Bulk soil is soil outside the rhizosphere that is not penetrated by plant roots. The bulk soil is like an ecosystem, it is made up of many things such as: nutrients, ions, soil particles, and root exudates. There are many different interactions that occur between all the members of the bulk soil.  Natural organic compounds are much lower in bulk soil than in the rhizosphere. Furthermore, bulk soil inhabitants are generally smaller than identical species in the rhizosphere.  The main two aspects of bulk soil are its chemistry and microbial community composition.

Chemistry of bulk soil 
Soil is made up of layers called soil horizons, these make up a vertical soil profile. There are five master horizons O, A, E, B, and C. The O horizon contains organic matter, A is considered the topsoil, E is present or absent depending on the type of soil and conditions, B is the subsoil, and C is unconsolidated rock. There are many chemical interactions and properties that are in all the soil. Chemical properties of the bulk soil are organic matter, carbon, nutrient content, cation-exchange capacity (CEC), free ions (cations or anions), pH, and base saturation and organisms.
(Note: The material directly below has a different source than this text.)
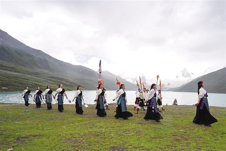西藏那曲市比如縣藝術(shù)團的演員在薩普雪山景區(qū)為游客表演(7月19日攝)。新華社記者 晉美多吉 攝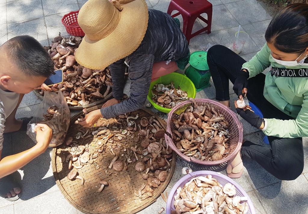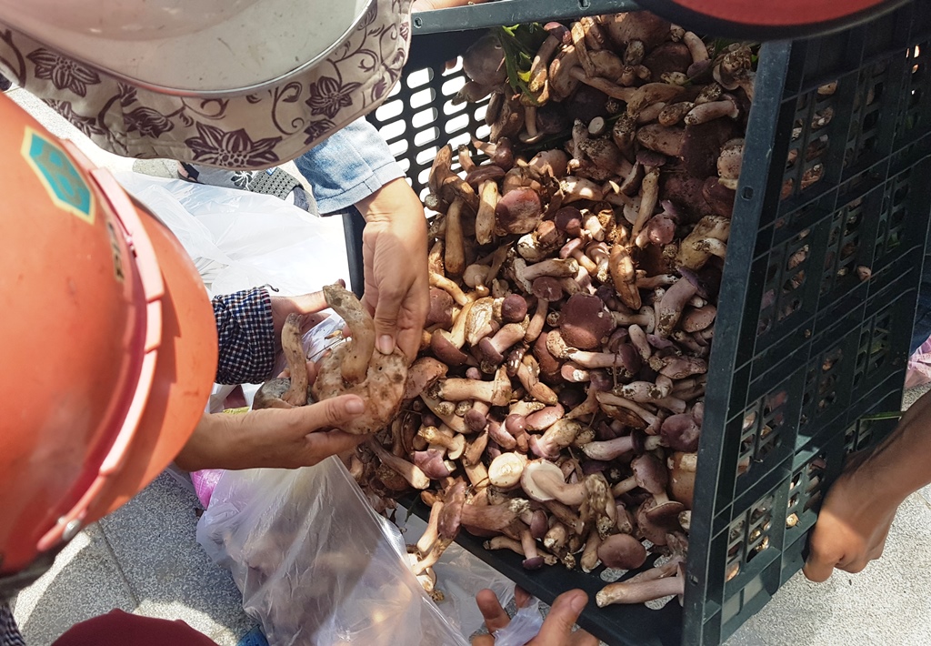 Không khó để bắt gặp những thùng nấm lớn được bà con nâng niu chở bằng xe máy sau khi hái ở trong rừng để bày bán. Hơn 11h trưa, lần lượt hết xe này đến xe khác về đến chợ nấm, rồi lần lượt đổ ra những rổ lớn, cạnh đó nhiều người mua đã đứng chờ.

These can impact many chemical processes such as nutrient cycling, soil formation, biological activity, and erosion.

Microbial communities 
Soil is composed of a diverse community of microbes such as: fungi, bacteria, archaea, viruses and microfauna. There are microbes in the bulk soil and the rhizosphere, the variation of microbes increases in the bulk soil and the abundance of microbes increases in the rhizosphere. Some microbes can form symbioses with plants that are beneficial or pathogenic. All these microbes have a special role in many soil processes such as soil formation, organic matter decomposition, nutrient cycling. For example, there are microbes in the rhizosphere (on the plant) that can break down nitrogen, and microbes out in the bulk can break down nitrogen as well. Both have different factors that affect this process.